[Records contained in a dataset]
# # # # # # #
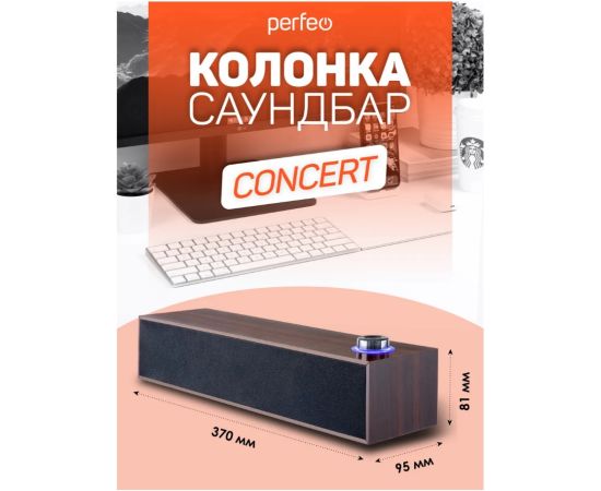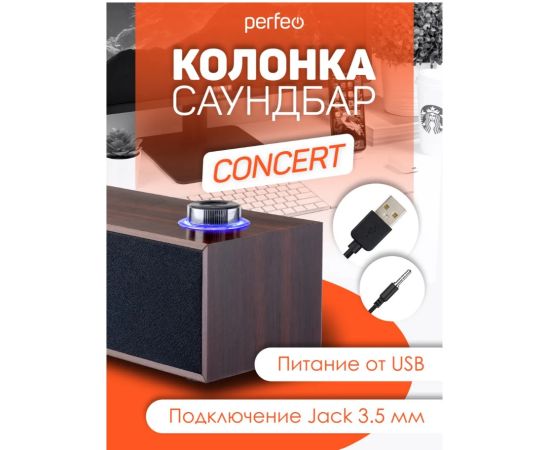 Компьютерная колонка-саундбар Perfeo "CONCERT", мощность 6 Вт, USB, "дерево", коричневый
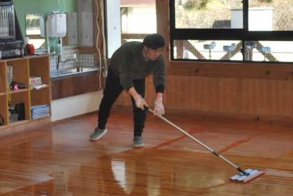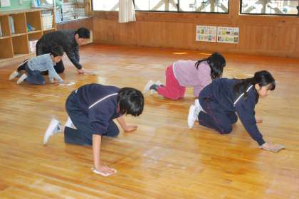 5限終了後、大掃除でワックスがけをしました。ワックスがけをする前に子どもたちは先生たちと一緒に教室の床を水ぶきしました。たくさん勉強したり、遊んだりした教室をいつもより時間をかけて丁寧に掃除をしました。
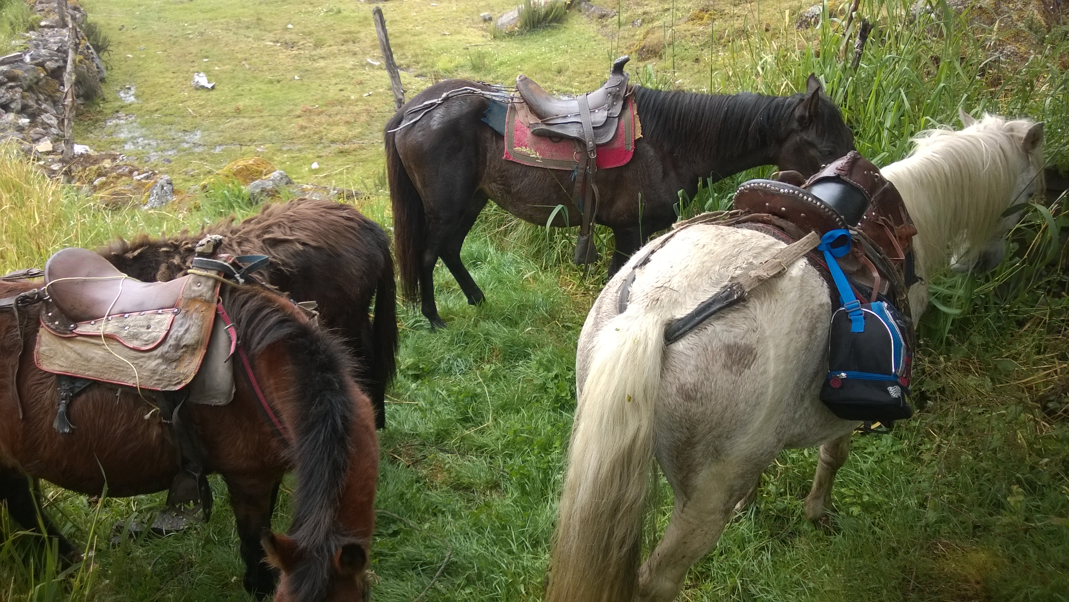 Nos acompañó una mulita de 8 meses aun sin herraduras (Es herrada a partir de los dos años), que acompañaba a su madre. Era su segundo viaje, preparándose para la faena. A punta de coz impedía que cualquier otra bestia se aproximara a su progenitora.
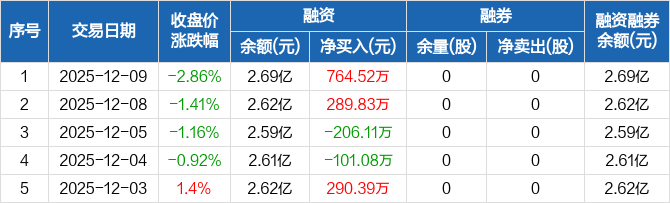 益佰制药:融资净买入764.52万元,融资余额2.69亿元(12-09)
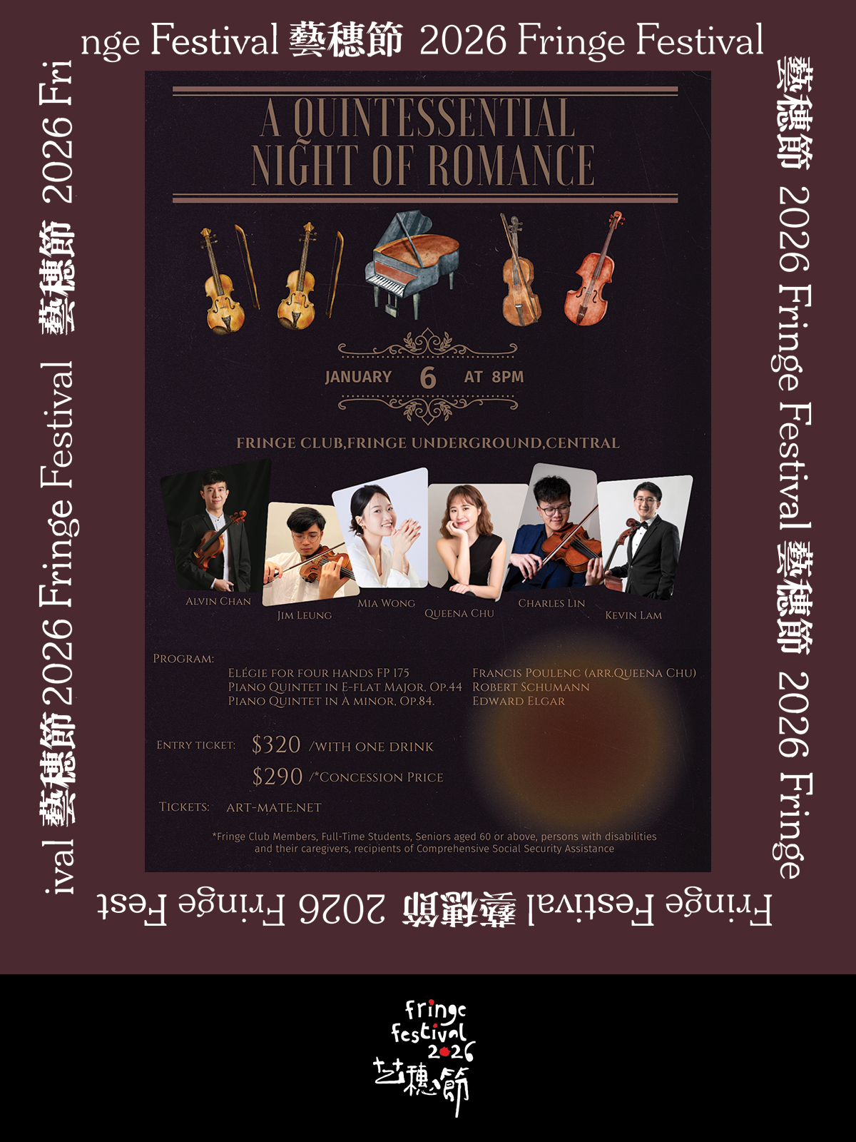 Elégie for four hands FP 175 (Francis Poulenc, Arr.Queena Chu)Piano Quintet in E-flat Major, Op. 44 (Robert Schumann)Piano Quintet in A minor Op.84 (Edward Elgar)
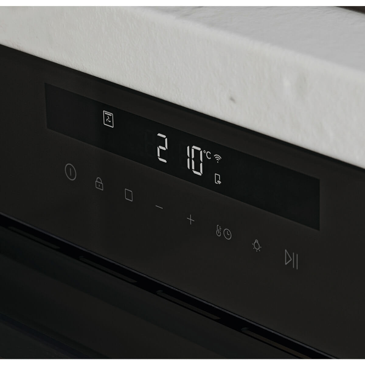 The oven's wide format offers multiple shelf positions to accommodate large trays or multi-dish cooking. Its intuitive LCD display and simple control dial make selecting functions and setting timers effortless. For added convenience, Wi-Fi SmartHQ compatibility enables remote monitoring and control from your smartphone, so you can preheat the oven or check cooking progress from anywhere in the home.
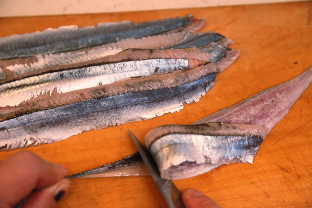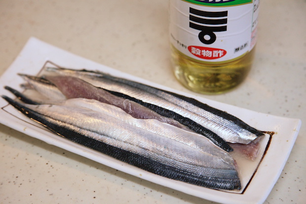 おろした身は、軽く塩をして5分ほどおき、続けて酢で全体を漬けつつ洗う。酢で洗うことで皮がしまり、はがしやすくなる。気が短い人はこの手順はサボってもOK。
# # # # # # #
§ Task description
Begin at the first line of the entries and stop after the line holding "5限終了後、大掃除でワックス"; repeat those lines exactly, but not the pictures.

§ Output for this exercise
 Компьютерная колонка-саундбар Perfeo "CONCERT", мощность 6 Вт, USB, "дерево", коричневый
 5限終了後、大掃除でワックスがけをしました。ワックスがけをする前に子どもたちは先生たちと一緒に教室の床を水ぶきしました。たくさん勉強したり、遊んだりした教室をいつもより時間をかけて丁寧に掃除をしました。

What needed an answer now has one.